Edu_percent1 = (Data_Value_sum1/Total_Sum_Data)* 100
Edu_percent2 = (Data_Value_sum2/Total_Sum_Data)* 100
Edu_percent3 = (Data_Value_sum3/Total_Sum_Data)* 100
Edu_percent4 = (Data_Value_sum4/Total_Sum_Data)* 100

#Filter income by data values
education = Education_Attained_DF['Data_value']

#create a list that will show all of the data values and income levels
education_list = [Data_Value_sum1, Data_Value_sum2, Data_Value_sum3, Data_Value_sum4]

#Filter education level by break out column
education_level = Education_Attained_DF['Break_Out']

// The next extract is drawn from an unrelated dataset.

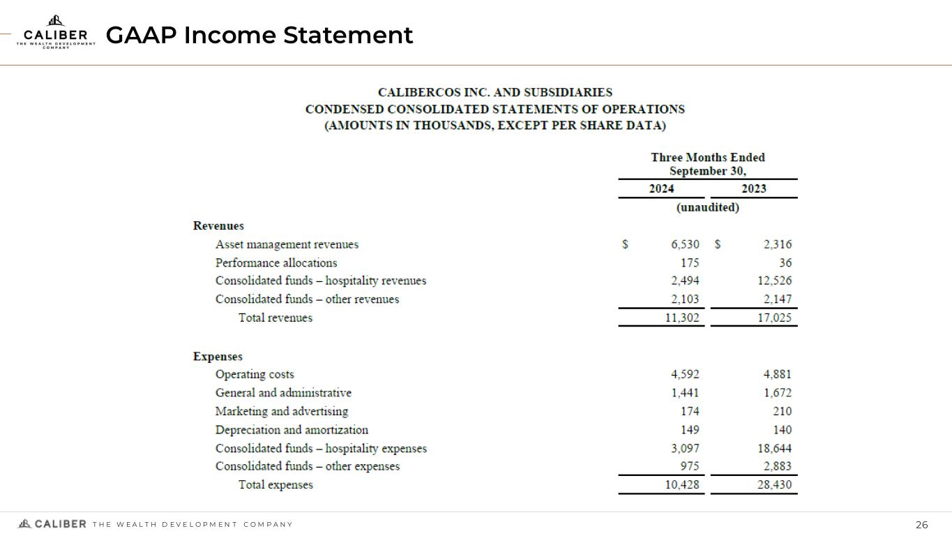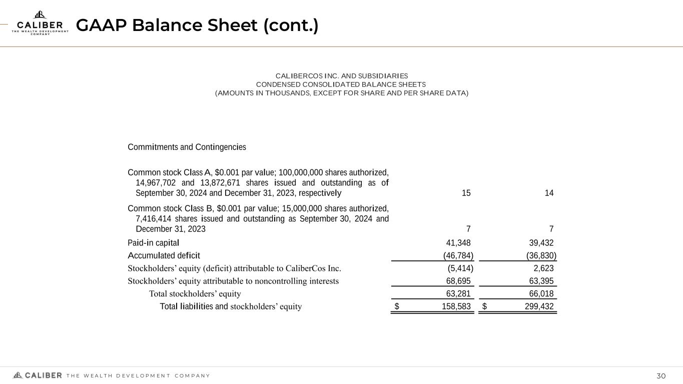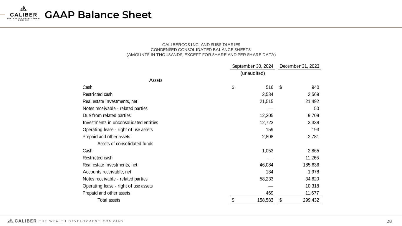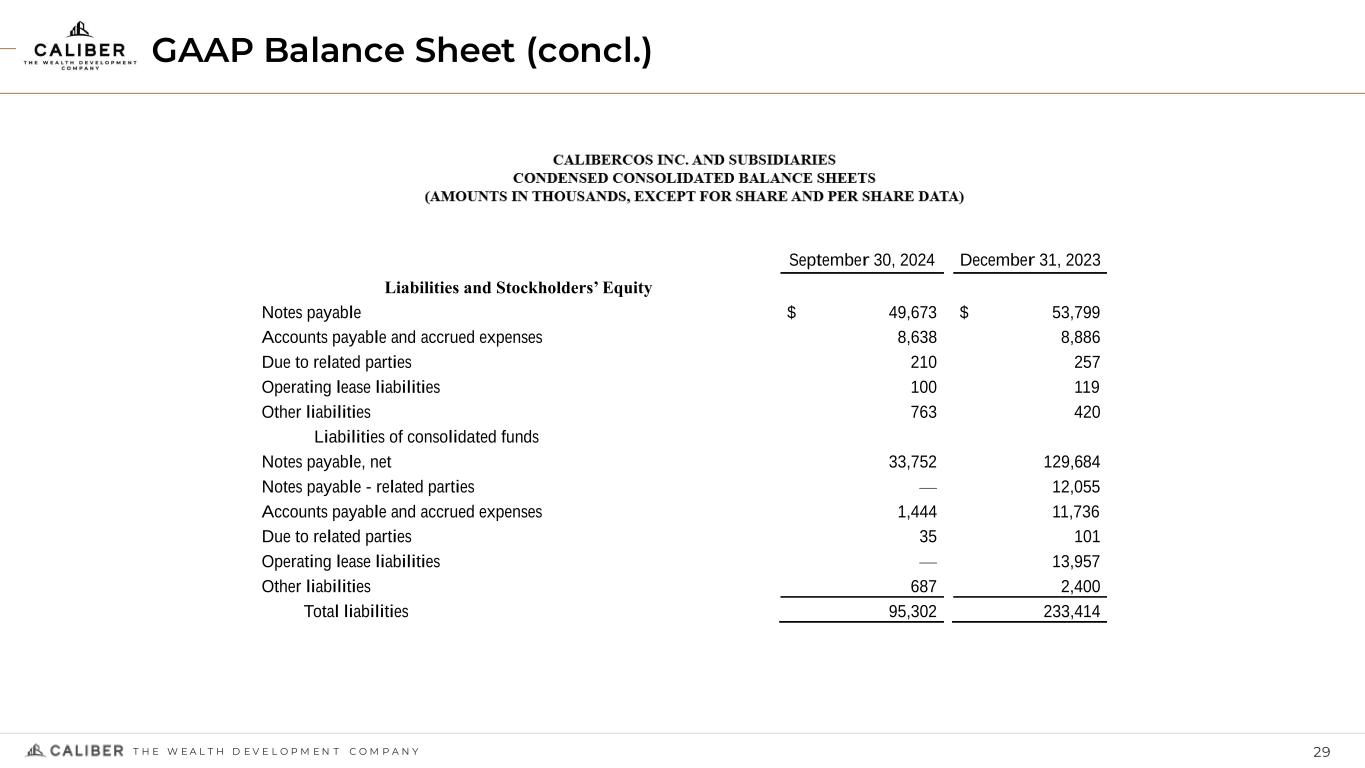 GAAP Balance Sheet 28T H E W E A L T H D E V E L O P M E N T C O M P A N Y CALIBERCOS INC. AND SUBSIDIARIES CONDENSED CONSOLIDATED BALANCE SHEETS (AMOUNTS IN THOUSANDS, EXCEPT FOR SHARE AND PER SHARE DATA) September 30, 2024 December 31, 2023 (unaudited) Assets Cash $ 516 $ 940 Restricted cash 2,534 2,569 Real estate investments, net 21,515 21,492 Notes receivable - related parties — 50 Due from related parties 12,305 9,709 Investments in unconsolidated entities 12,723 3,338 Operating lease - right of use assets 159 193 Prepaid and other assets 2,808 2,781 Assets of consolidated funds Cash 1,053 2,865 Restricted cash — 11,266 Real estate investments, net 46,084 185,636 Accounts receivable, net 184 1,978 Notes receivable - related parties 58,233 34,620 Operating lease - right of use assets — 10,318 Prepaid and other assets 469 11,677 Total assets $ 158,583 $ 299,432

#List of labels for each education level
labels = ["Less than H.S.", "H.S. or G.E.D.", "Some post-H.S.", "College graduate"]
y_axis = [Edu_percent1, Edu_percent2, Edu_percent3, Edu_percent4]


#Percentage of Tabocco users versus education level.
for i in range(0,4):
    print(f'When Education Level is: {labels[i]} Then the Percentage of Tobacco Users are: {y_axis[i]} %')
    

When Education Level is: Less than H.S. Then the Percentage of Tobacco Users are: 36.64187453243071 %
When Education Level is: H.S. or G.E.D. Then the Percentage of Tobacco Users are: 30.421801826122557 %
When Education Level is: Some post-H.S. Then the Percentage of Tobacco Users are: 22.962427448118397 %
When Education Level is: College graduate Then the Percentage of Tobacco Users are: 9.973896193328317 %


In [50]:
# Pie Plot showing the percentage of Tobacoo users and thier Education level

labels = ['Less than H.S.', 'H.S. or G.E.D.', 'Some post-H.S.', 'College graduate']
sizes = [36.64187453243071, 30.421801826122557, 22.962427448118397, 9.973896193328317]  
 
# Plot the pie chart
%matplotlib notebook
plt.pie(sizes, labels=labels, autopct='%1.1f%%', startangle=90)
 
# Equal aspect ratio ensures that pie is drawn as a circle.
plt.axis('equal')
 
# Display the graph onto the screen

plt.show()

<IPython.core.display.Javascript object>

In [33]:
#For Education Level for ther Number of Tobacco Users
for i in range(0,4):
    print(f'When the Education Level is: {labels[i]} then the number of Tobacco Users are: {round(education_list[i], 0)}')
    
    

When the Education Level is: Less than H.S. then the number of Tobacco Users are: 1602.0
When the Education Level is: H.S. or G.E.D. then the number of Tobacco Users are: 1330.0
When the Education Level is: Some post-H.S. then the number of Tobacco Users are: 1004.0
When the Education Level is: College graduate then the number of Tobacco Users are: 436.0


In [51]:
#Create line graph showing the number of tobacco users vs their education level
plt.figure(figsize=(8,5))
plt.plot(labels, education_list)
plt.title('\nNumber of Tobacco Users vs. Education Level\n')
plt.xlabel('\nEducation Level\n')
plt.ylabel('\nNumber of Tobacco Users\n')
plt.savefig("Tobacco_Users_vs_Education_Level.png")
plt.show()

<IPython.core.display.Javascript object>

# # Research Question 3 (Findings Summary) - 
## Is the Usage of Tobacco dependant on the Education Level of the consumer?
Based on the findings for 2018 there is a correlation between the number of tobacco users and their education levels. The findings per the research and data gathered, shows that the number and percentage of the Tobacco consumser reduces with the level of education. As shown in the Pie chart more 67% of the Tobacco Users have a High School Education or less than High School Education. 33% of the the Tobacco Users had Some Post High School or College Degree.